Using the fact that \(\mathsf {sig}_2\) is a valid signature for \(d_2\) under the public key \((\mathcal {P}(s_2),\mathcal {P}(s_3))\), we see that

$$\begin{aligned} \mathcal {P}(s_1)\star \mathsf {sig}_1 \cdot \mathsf {sig}_2&= (h_1 \cdot h_2 \cdot CBM(s_3)_{\downarrow T},\sigma (s_3))\\&= (h_1 \cdot h_2, e) \star s_3 \\&= \mathcal {P}(E(d)) \star s_3 \, , \end{aligned}$$

which shows that \(\mathsf {sig}_1 \cdot \mathsf {sig}_2\) is a valid signature for d under the public key \((\mathcal {P}(s_1),\mathcal {P}(s_3))\).

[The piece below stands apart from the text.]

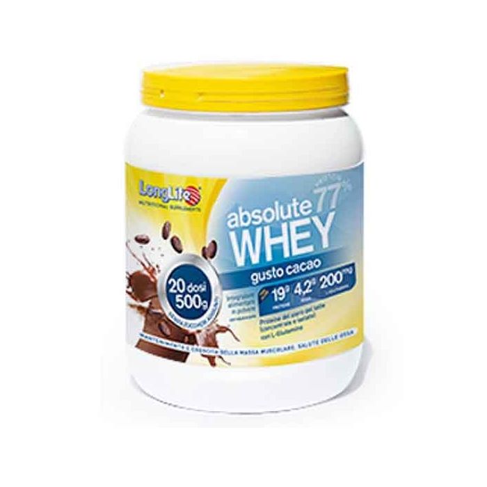 Con l'alimentazione non si è mai certi di apportare il giusto quantitativo, ogni giorno affidati ad un integratore Absolute Whey Longlife al piacevole gusto di cacao derivato dalle proteine del siero di latte.

3.2 The Factorization Attack

Given an oracle \(\mathcal {O}_f\) (which can be instantiated by the algorithm of [14]) that solves the factorization for the group \(A_N\), we can now break Walnut as follows. Suppose we want to forge a signature for a document d under the public key \((\mathcal {P}(s_1),\mathcal {P}(s_2))\). Let h be the matrix part of \(\mathcal {P}(E(d))\). We start by collecting a number of document-signature pairs \((d_1,\mathsf {sig}_1),\cdots ,(d_k,\mathsf {sig}_k)\) that are valid under the same public key, and we compute the matrix part \(h_i\) of each pair \(\mathcal {P}(E(d_i))\). Now it suffices to find a factorization \(h = h_{i_1} \cdot h_{i_2}^{-1} \cdot h_{i_3} \cdots h_{i_{m-1}}^{-1} \cdot h_{i_m}\) whose factors have powers that alternate between 1 and \(-1\). Indeed, combining properties of Theorem 2 we see that \(\mathsf {sig}_{i_1} \cdot \mathsf {sig}_{i_2}^{-1}\) is a valid signature for any document \(d'\) such that \(\mathsf {mat}(\mathcal {P}(E(d'))) = h_{i_1} \cdot h_{i_2}^{-1}\) under the public key \((\mathcal {P}(s_1),\mathcal {P}(s_1))\). Adding an extra factor, we get that \(\mathsf {sig}_{i_1} \cdot \mathsf {sig}_{i_2}^{-1} \cdot \mathsf {sig}_{i_3}\) is a valid signature for an appropriate document under the public key \((\mathcal {P}(s_1),\mathcal {P}(s_2))\). Continuing the same argument for the odd number m of factors of the product we get that \(\mathsf {sig}_{i_1} \cdot \mathsf {sig}_{i_2}^{-1} \cdot \mathsf {sig}_{i_3} \cdots \mathsf {sig}_{i_{m-1}}^{-1} \cdot \mathsf {sig}_{i_m}\) is a valid document for d under the desired public key \((\mathcal {P}(s_1),\mathcal {P}(s_2))\).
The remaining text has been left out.